While Redstone mulls whether to explore a sale of National Amusements on its own, Paramount investors will be forced to consider the updated plan laid out at last week’s annual meeting by the senior executives comprising the Office of the CEO: Chris McCarthy (Showtime/ MTV Entertainment Studios and Paramount Media Networks), George Cheeks (CBS) and Brian Robbins (Paramount Pictures and Nickelodeon).

They have called for transforming Paramount’s still-unprofitable streaming business through strategic partnerships and licensing opportunities, trimming $500 million in costs and divesting assets to pay down debt.

On Tuesday, National Amusements expressed support for the Office of the CEO and the board “to explore opportunities to drive value creation for all Paramount shareholders.” It also said it was “grateful to Skydance for their months of work in pursuing this potential transaction and looks forward to the ongoing, successful production collaboration between Paramount and Skydance.”

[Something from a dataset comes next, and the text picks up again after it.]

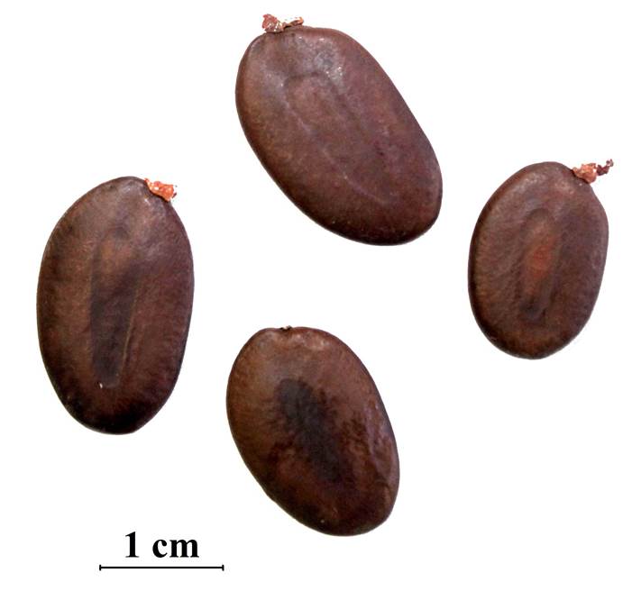 Figura 3: Morfología externa de semillas de Peltogyne mexicana Martínez en la localidad de Tierra Colorada, municipio Juan R. Escudero, Guerrero, México.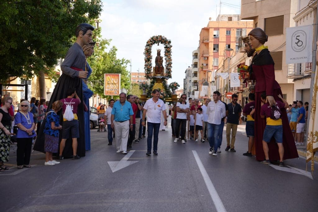 El cortejo estuvo compuesto por la Reina, Gracia Gumbau, acompañada de las damas, la corporación municipal, representantes de entidades festivas y muchos vecinos, que con devoción y alegría, han caminado junto a la imagen de su patrona hasta su hogar habitual.

The dance around Paramount has become exhausting — for Wall Street and the entertainment industry. And time is not on the company’s side. “Any plan, and any potential buyer of Paramount, will have to contend with a company whose mix of assets presents in many ways a challenged hand for navigating the shifting winds of media,” MoffettNathanson said in a research note.

Sharon Waxman contributed to this article.